What I want and what he wishes me to want are two different things. I just want to go back to my small apartment and live a life of monotony. Anything is better than being an unchained abductee.

He guides me to the common area and cuts through the grand furniture to enter a room that has the blinds closed for privacy. The woman pop opens her luggage and holds out a yellow measuring tape.

“Ready when you are,” she offers.

“I will leave Willa in your good hands, Bernadette.” Elio smiles ominously.

The woman’s smile falters until she returns her features back to civility. She nods wisely and waits for him to leave.

It seems like she knows that Elio isn’t all spectacular smiles and pleasantries. She has picked up on the storm that lurks in his huge body and decides not to aggravate him.

She might already know what he’s capable of doing.

Elio tugs me towards him and wraps his other arm around my stiff shoulders. His lips find their place on my temple again and murmur my name quietly.

“My darling girl,” he whispers coldly, fighting the hot breath fanning my pounding pulse.

He leaves me standing like an idiot with my mouth ajar. The stupor expression stays after he closes the door behind him.

“Shall we, Willa?” the woman exclaims eagerly.

I manage to swallow thickly before turning to her. My lips tremble unsteadily as my voice cracks, but she shakes her head the second a sound comes out.

Bernadette walks closer, stretching the yellow tape and motioning for me to lift my arms. She asks a series of questions about my life to get a better understanding of my style. I answer in a helpless trance, and my limbs are on autopilot as she maneuvers me.

She knows what I want to say. She saw something alarming between Elio and me, but she stopped me when I tried to ask for help.

She’s afraid of him too.

“How did you meet?” I ask unblinking.

Bernadette’s hand trembles, and she flexes her fingers to get rid of them. “He defended my husband.”

Elio doesn’t seem open to the idea of gratuitous selflessness, nor is he even remotely righteous. He strikes me as someone who believes in quid pro quo and gets the best part of any deal.

Bernadette chortles uncomfortably at the unconvinced expression on my face.

“In a trial,” she amends quietly. “He’s a criminal defense attorney.”

No wonder he had so much confidence when he countered my ramblings the other day. He’s a lawyer with intense knowledge of the law and the loopholes. Elio wasn’t just taunting me; he was predicting my future charged with first-degree murder if I walked out that door.

I will be dead, in a figurative sense, if I speak the truth.
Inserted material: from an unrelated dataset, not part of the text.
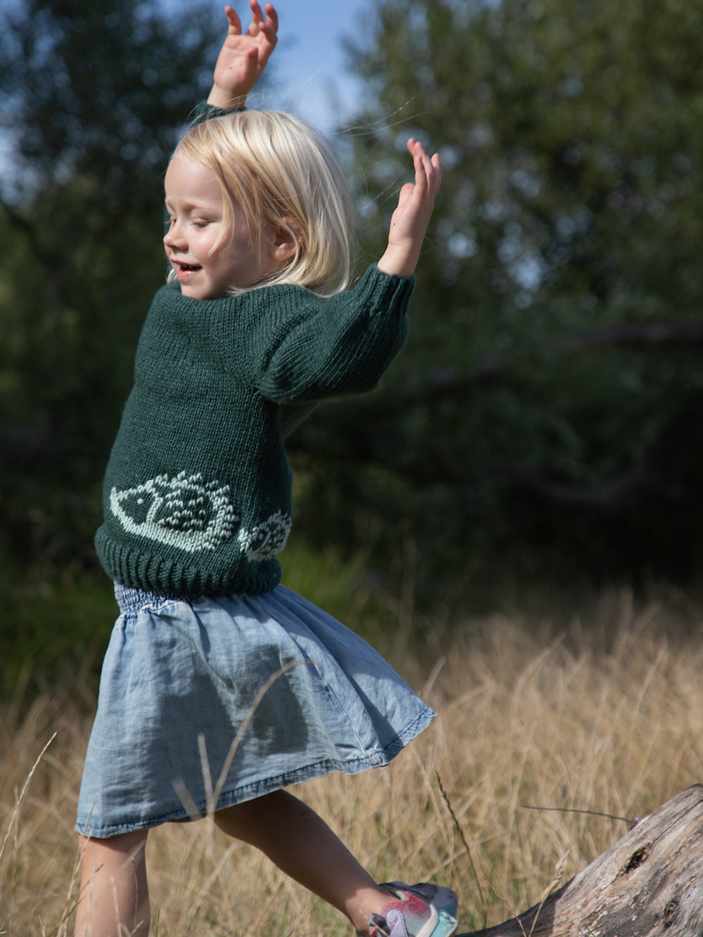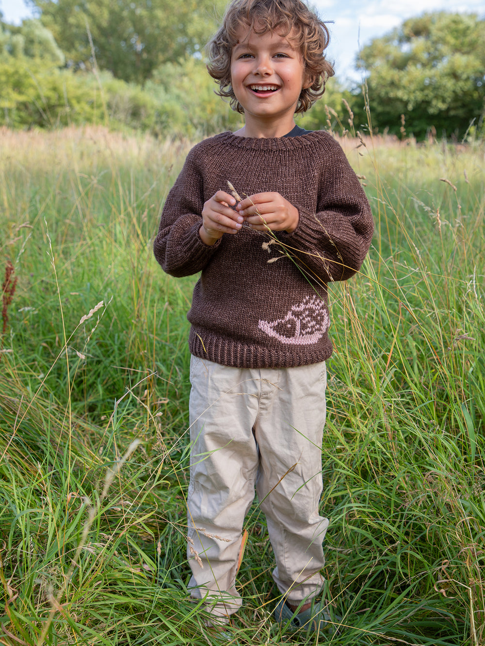 Pindsvine-sweateren er en meget begyndervenlig opskrift, som er lavet i samarbejde med WWF Verdensnaturfonden. Sweateren strikkes oppefra og ned uden montering, og pindsvinene broderes på til sidst. Da sweateren strikkes top-down, er det også nemt at tilpasse længden på både krop og ærmer.

No one will believe my story over that of a sophisticated and intelligent lawyer.

“Is he good?” I choke out breathlessly.

The woman smiles somewhat proudly. “Infamously so.”

She finishes the last measurements as I stand in a daze. Dizziness stirs my gut, queasiness hits the back of my throat, and my knees are quaking.

I think I’m going to be sick.

“I’m all set,” Bernadette quips joyfully. “I’ll draw up the sketches and email them to him. Just tell me which designs catch your eye!”

She gathers her things and snaps the clasps of the luggage, popping the handle up as she gets ready to leave. Rashness overcomes the numbness in my body as I grab the metal bar on her baggage.

I want to grab her hand. Anything to stop her from leaving is better than doing nothing.

“Yes?” she questions, oblivious to my distress. “Something you’d like to include with your design requirements?”